Information supplied
--*--
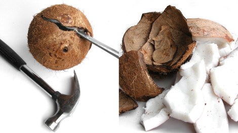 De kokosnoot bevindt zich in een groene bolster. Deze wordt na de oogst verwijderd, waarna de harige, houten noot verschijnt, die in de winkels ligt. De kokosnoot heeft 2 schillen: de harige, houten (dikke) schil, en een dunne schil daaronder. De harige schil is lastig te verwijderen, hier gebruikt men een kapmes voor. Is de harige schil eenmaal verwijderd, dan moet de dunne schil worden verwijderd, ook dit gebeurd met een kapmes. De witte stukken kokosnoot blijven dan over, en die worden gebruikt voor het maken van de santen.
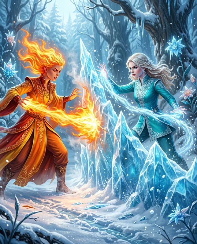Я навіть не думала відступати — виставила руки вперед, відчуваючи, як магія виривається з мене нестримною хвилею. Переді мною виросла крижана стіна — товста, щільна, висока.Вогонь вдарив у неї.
--*--
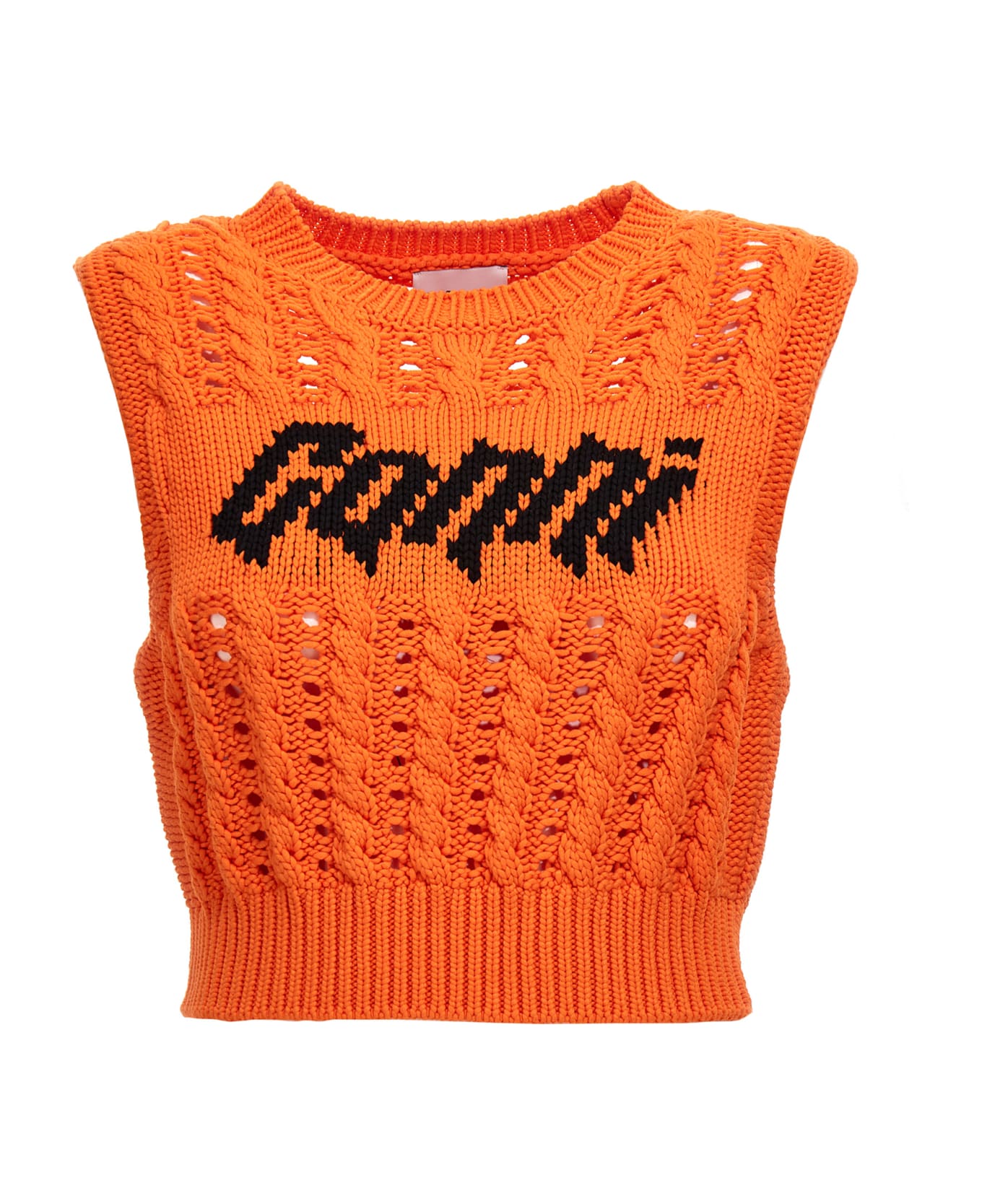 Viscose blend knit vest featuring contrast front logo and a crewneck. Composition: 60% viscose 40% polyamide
--*--
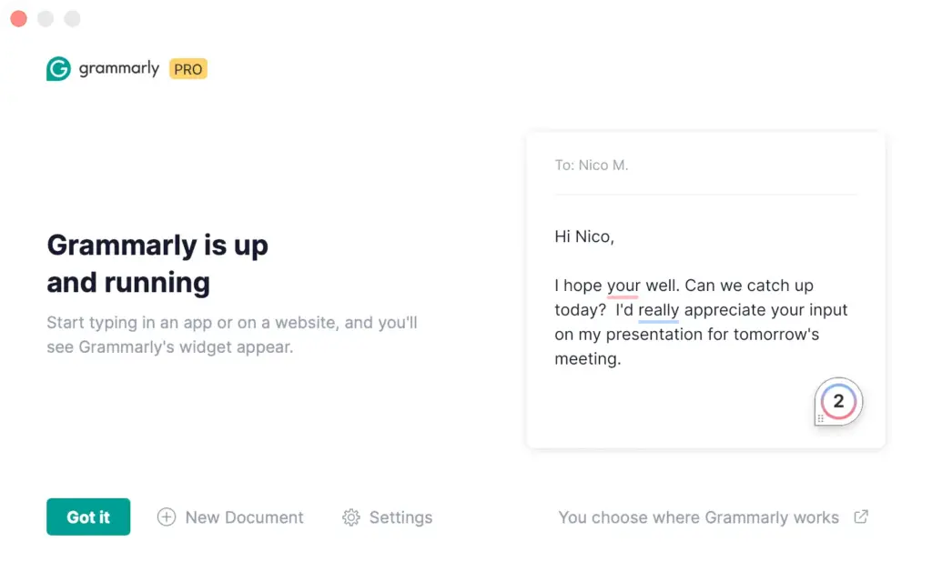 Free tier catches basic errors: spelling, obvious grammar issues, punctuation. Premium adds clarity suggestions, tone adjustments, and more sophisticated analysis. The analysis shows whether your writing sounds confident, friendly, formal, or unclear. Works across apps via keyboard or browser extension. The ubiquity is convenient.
--*--
Problem to solve
Copy word for word only the lines above from the one with "De kokosnoot bevindt" through the one with "Я навіть не". Leave pictures out.

Task output
 De kokosnoot bevindt zich in een groene bolster. Deze wordt na de oogst verwijderd, waarna de harige, houten noot verschijnt, die in de winkels ligt. De kokosnoot heeft 2 schillen: de harige, houten (dikke) schil, en een dunne schil daaronder. De harige schil is lastig te verwijderen, hier gebruikt men een kapmes voor. Is de harige schil eenmaal verwijderd, dan moet de dunne schil worden verwijderd, ook dit gebeurd met een kapmes. De witte stukken kokosnoot blijven dan over, en die worden gebruikt voor het maken van de santen.
Я навіть не думала відступати — виставила руки вперед, відчуваючи, як магія виривається з мене нестримною хвилею. Переді мною виросла крижана стіна — товста, щільна, висока.Вогонь вдарив у неї.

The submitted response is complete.